* **Task description**: With the pictures left out, restate every entry word for word.

* **Data extracts**:
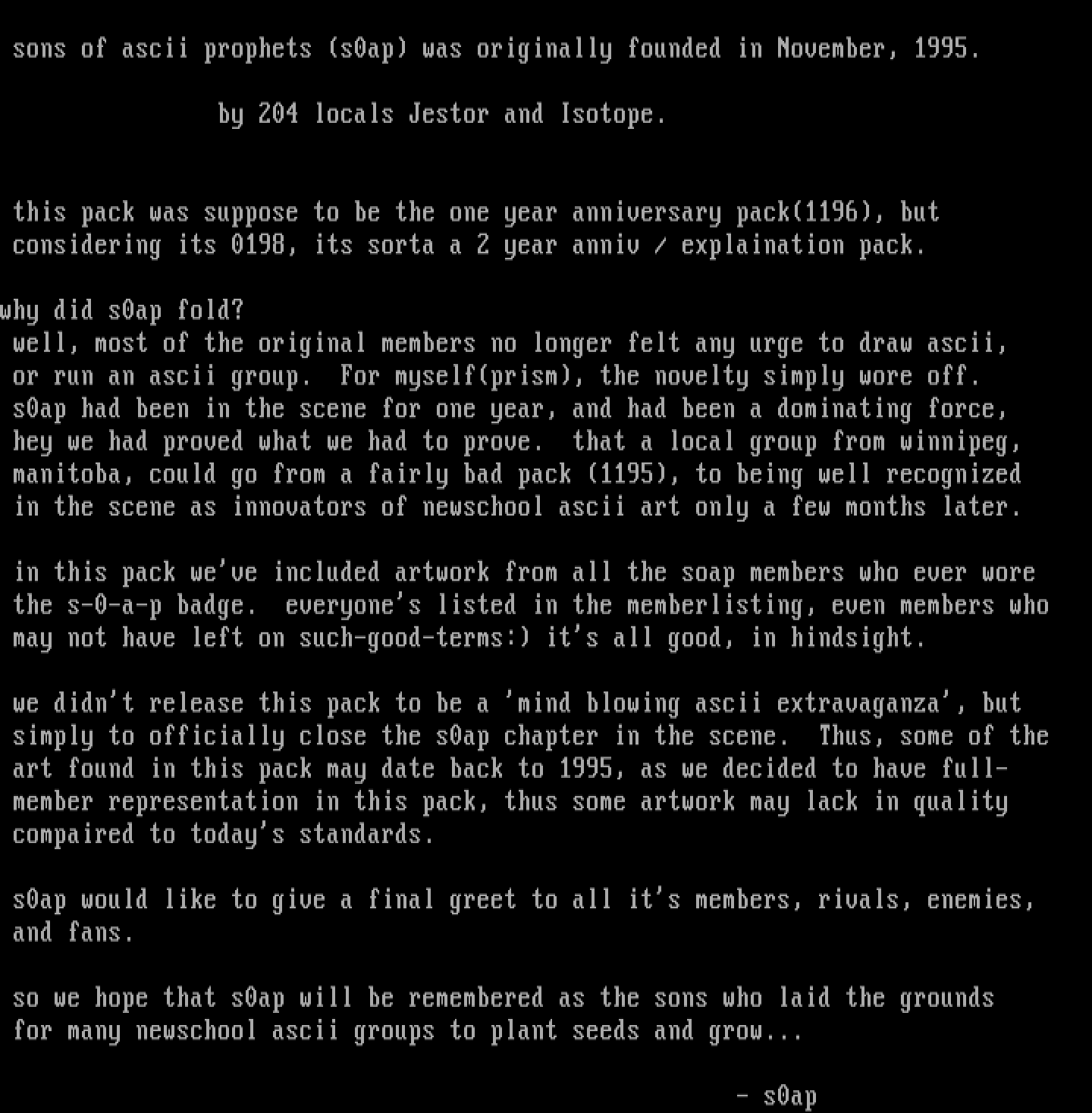 sons of ascii prophets s0ap was originally founded in November, 1995.
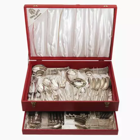 Besteckkasten bestehend aus jeweils 12 gr. Messern (Klingen"Raadvad Knivfabriker Rustfri" und Krone), gr. Gabeln, Löffeln, 12 mittl. Messern (Klingen "Georg Jensen Denmark" "Stainless Steel"), Gabeln, Löffeln, 6 kl. Messern, 11 Teelöffeln, 10 Mokkalöffeln, 12 Kuchengabeln, 6 kl. Aufschnittgabeln, 3 mittl. Fleichgabeln, 1 gr. Serviergabel, 2 kl. Anbiet(Austern)gabeln, 1 gr. und 1 kl. Vorlegelöffel, 1 Saucenkelle.
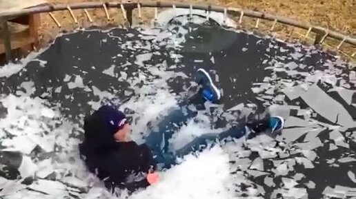 Прыжок на покрытый льдом батут. Удивительное зрелище!
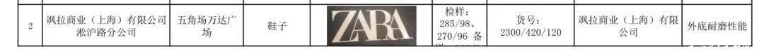 抽检恶果裸露,1批次飒拉生意(上海)有限公司淞沪路分公司在五角场万达广场销售的标称由飒拉生意(上海)有限公司坐蓐(或供货)的“ZARA”牌鞋子(型号规格:检样:285/98、270/96 备样:260/94;货号:2300/420/120),外底耐磨性能实测为磨痕长度左:16.6、右16.6(圭臬值应≤14.0),与圭臬条款不符。该技俩不对格,鞋底过度磨损变形,影响欢跃感和防滑性能,导致不测滑倒。
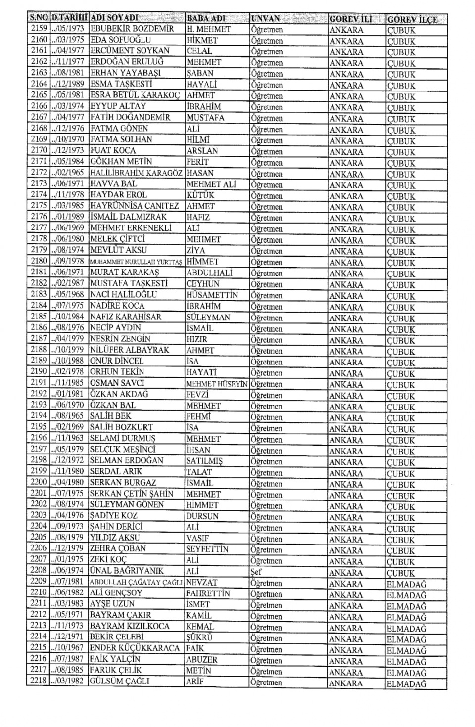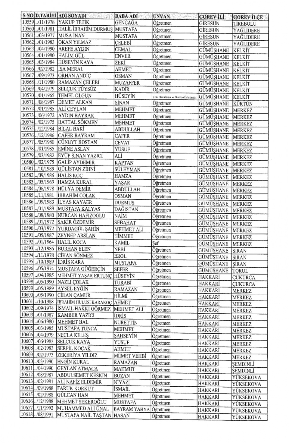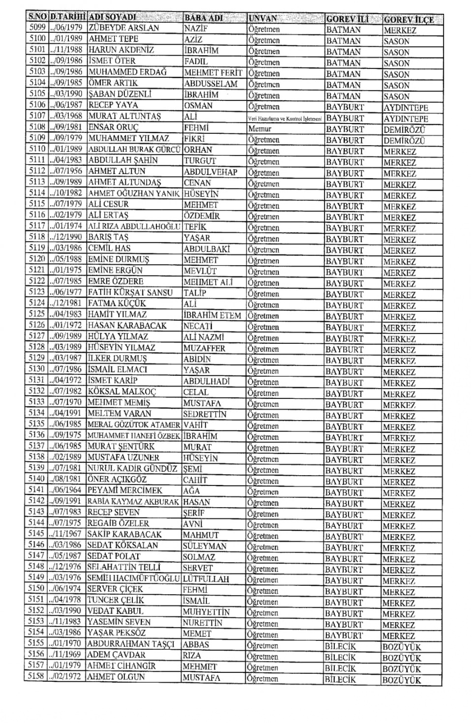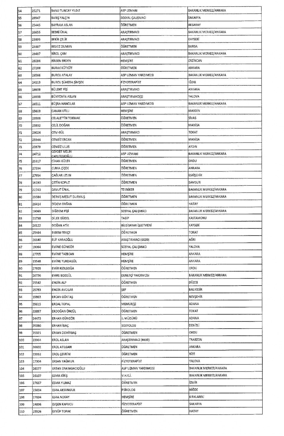 Kamudaki işlerine son verilenlerden 28 bin 163'ü Milli Eğitim Bakanlığı, 2 bin 18'i Sağlık Bakanlığı ve bağlı kuruluşları, 733'ü Gıda, Tarım ve Hayvancılık Bakanlığı ve bağlı kuruluşları, bin 519'u Diyanet İşleri Başkanlığı, 439'u Aile ve Sosyal Politikalar Bakanlığı personelinden oluşuyor.

* **Solution**:
 sons of ascii prophets s0ap was originally founded in November, 1995.
 Besteckkasten bestehend aus jeweils 12 gr. Messern (Klingen"Raadvad Knivfabriker Rustfri" und Krone), gr. Gabeln, Löffeln, 12 mittl. Messern (Klingen "Georg Jensen Denmark" "Stainless Steel"), Gabeln, Löffeln, 6 kl. Messern, 11 Teelöffeln, 10 Mokkalöffeln, 12 Kuchengabeln, 6 kl. Aufschnittgabeln, 3 mittl. Fleichgabeln, 1 gr. Serviergabel, 2 kl. Anbiet(Austern)gabeln, 1 gr. und 1 kl. Vorlegelöffel, 1 Saucenkelle.
 Прыжок на покрытый льдом батут. Удивительное зрелище!
 抽检恶果裸露,1批次飒拉生意(上海)有限公司淞沪路分公司在五角场万达广场销售的标称由飒拉生意(上海)有限公司坐蓐(或供货)的“ZARA”牌鞋子(型号规格:检样:285/98、270/96 备样:260/94;货号:2300/420/120),外底耐磨性能实测为磨痕长度左:16.6、右16.6(圭臬值应≤14.0),与圭臬条款不符。该技俩不对格,鞋底过度磨损变形,影响欢跃感和防滑性能,导致不测滑倒。
 Kamudaki işlerine son verilenlerden 28 bin 163'ü Milli Eğitim Bakanlığı, 2 bin 18'i Sağlık Bakanlığı ve bağlı kuruluşları, 733'ü Gıda, Tarım ve Hayvancılık Bakanlığı ve bağlı kuruluşları, bin 519'u Diyanet İşleri Başkanlığı, 439'u Aile ve Sosyal Politikalar Bakanlığı personelinden oluşuyor.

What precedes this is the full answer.